> _Provided data_
= = = =

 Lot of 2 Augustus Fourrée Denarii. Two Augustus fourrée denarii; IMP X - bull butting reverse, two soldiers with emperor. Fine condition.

= = = =

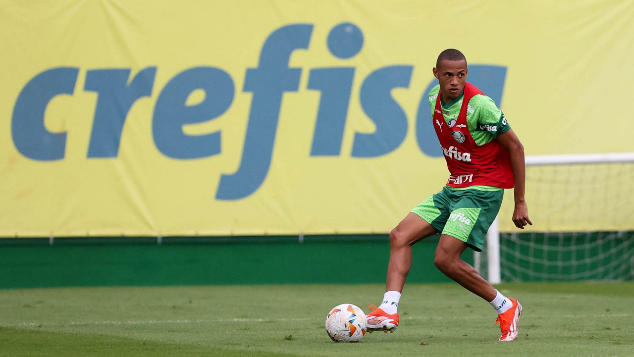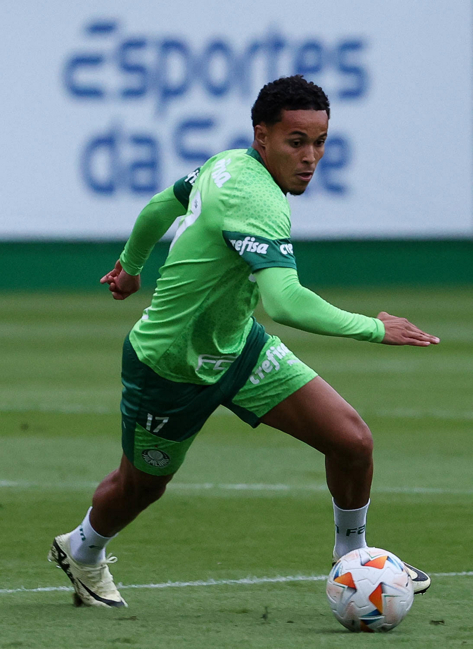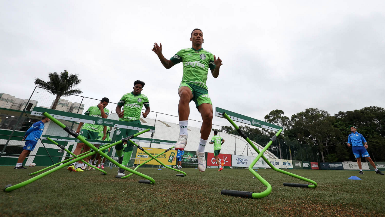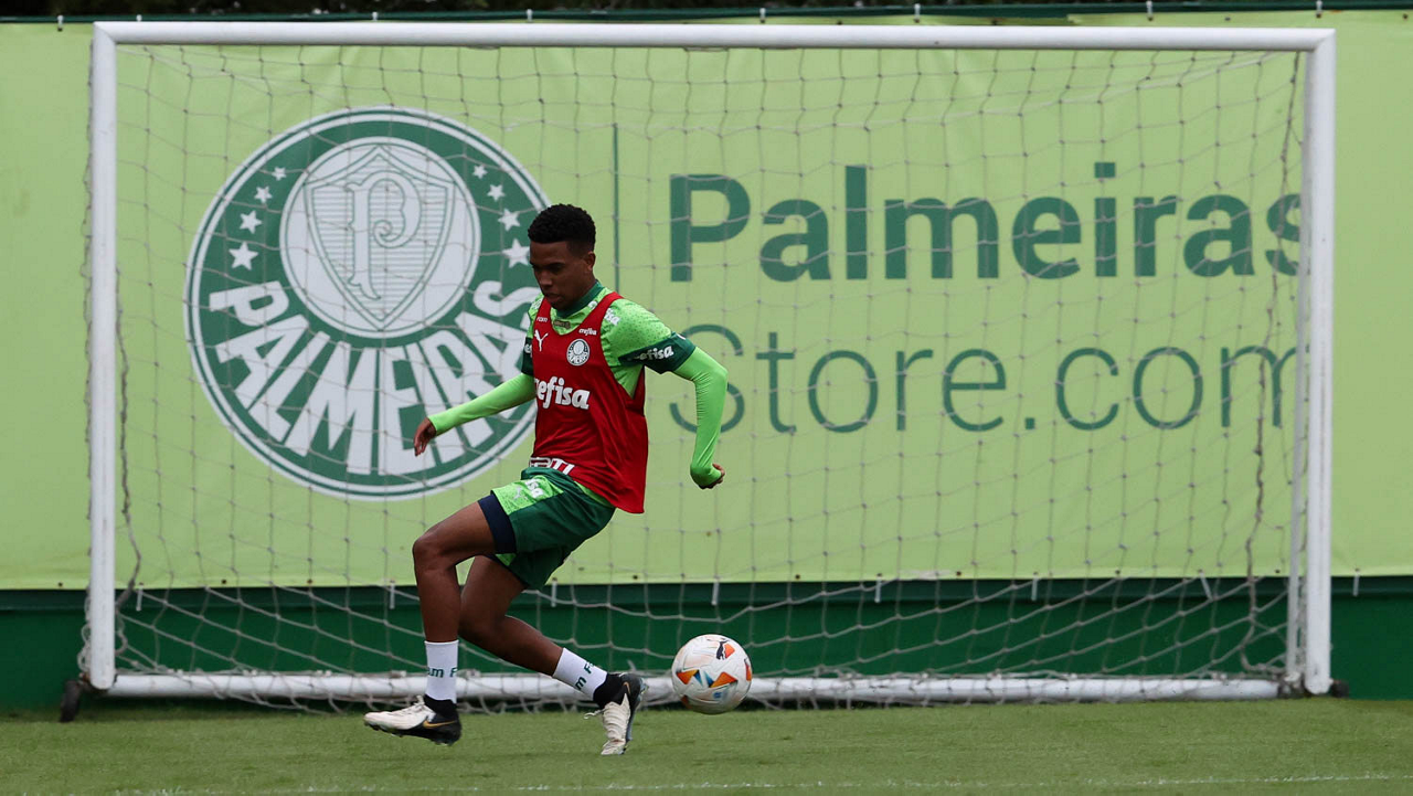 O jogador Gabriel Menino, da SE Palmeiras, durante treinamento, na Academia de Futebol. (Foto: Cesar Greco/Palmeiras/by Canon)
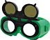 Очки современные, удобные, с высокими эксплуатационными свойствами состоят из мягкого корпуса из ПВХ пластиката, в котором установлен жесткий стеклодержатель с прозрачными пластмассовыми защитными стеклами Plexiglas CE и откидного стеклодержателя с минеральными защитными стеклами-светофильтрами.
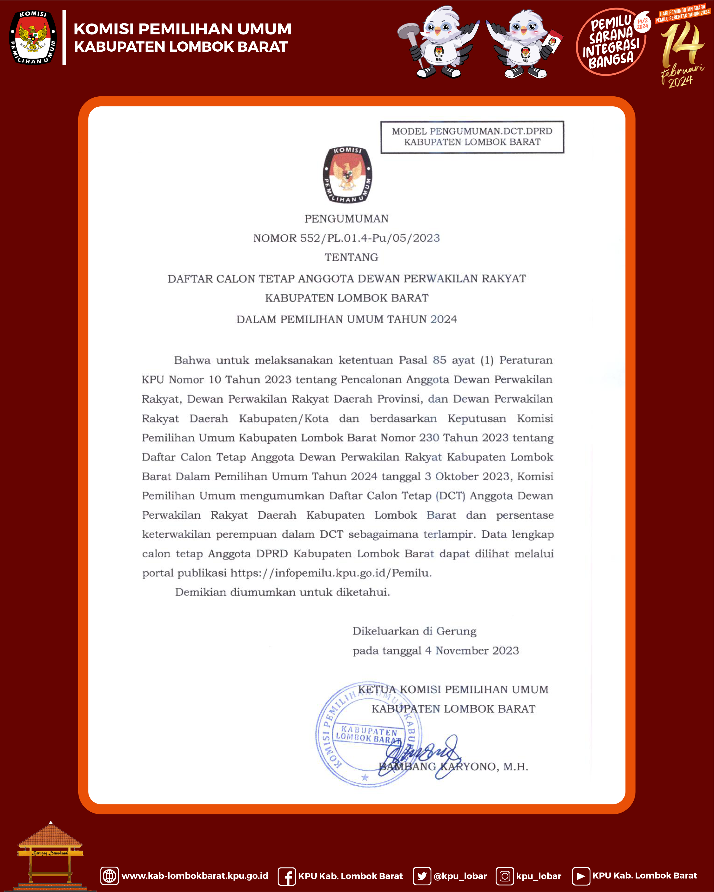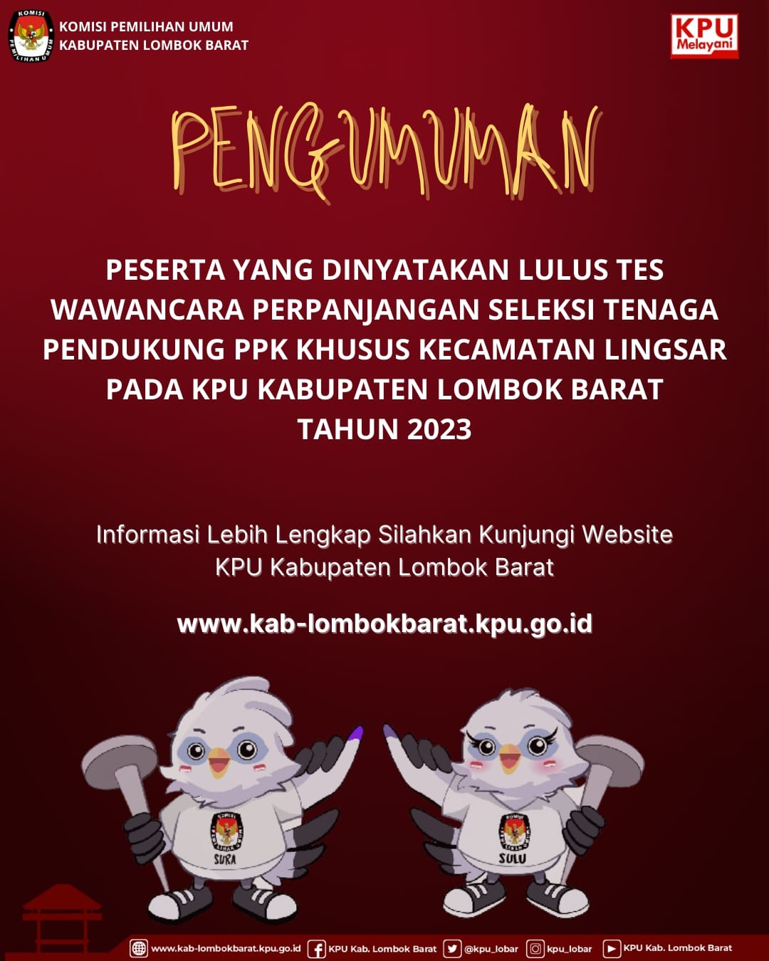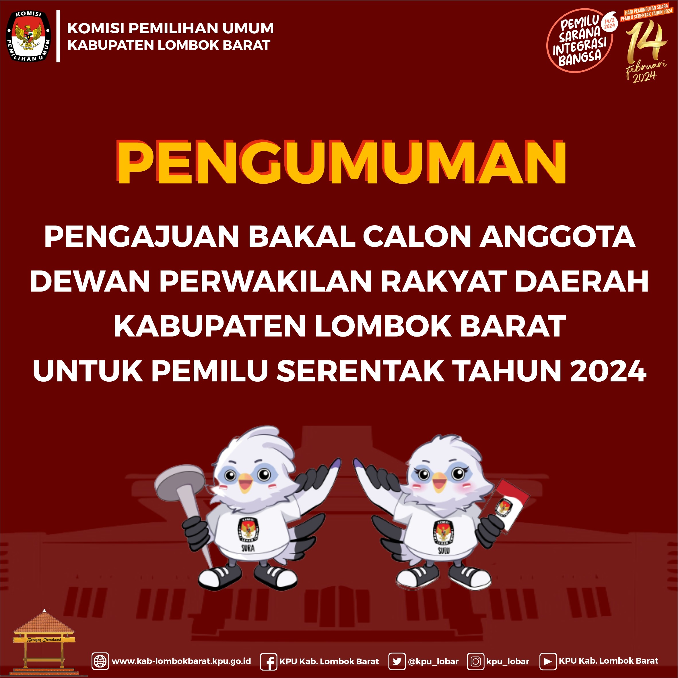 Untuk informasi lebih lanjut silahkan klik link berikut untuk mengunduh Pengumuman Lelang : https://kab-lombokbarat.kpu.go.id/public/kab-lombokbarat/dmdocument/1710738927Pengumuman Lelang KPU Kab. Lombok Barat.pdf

= = = =

> _Directions for this task_
Return the lines above from the one with "Очки современные, удобные, с" through the one with "Untuk informasi lebih", verbatim and nothing else. Omit every picture.

> _Response to the task_
 Очки современные, удобные, с высокими эксплуатационными свойствами состоят из мягкого корпуса из ПВХ пластиката, в котором установлен жесткий стеклодержатель с прозрачными пластмассовыми защитными стеклами Plexiglas CE и откидного стеклодержателя с минеральными защитными стеклами-светофильтрами.
 Untuk informasi lebih lanjut silahkan klik link berikut untuk mengunduh Pengumuman Lelang : https://kab-lombokbarat.kpu.go.id/public/kab-lombokbarat/dmdocument/1710738927Pengumuman Lelang KPU Kab. Lombok Barat.pdf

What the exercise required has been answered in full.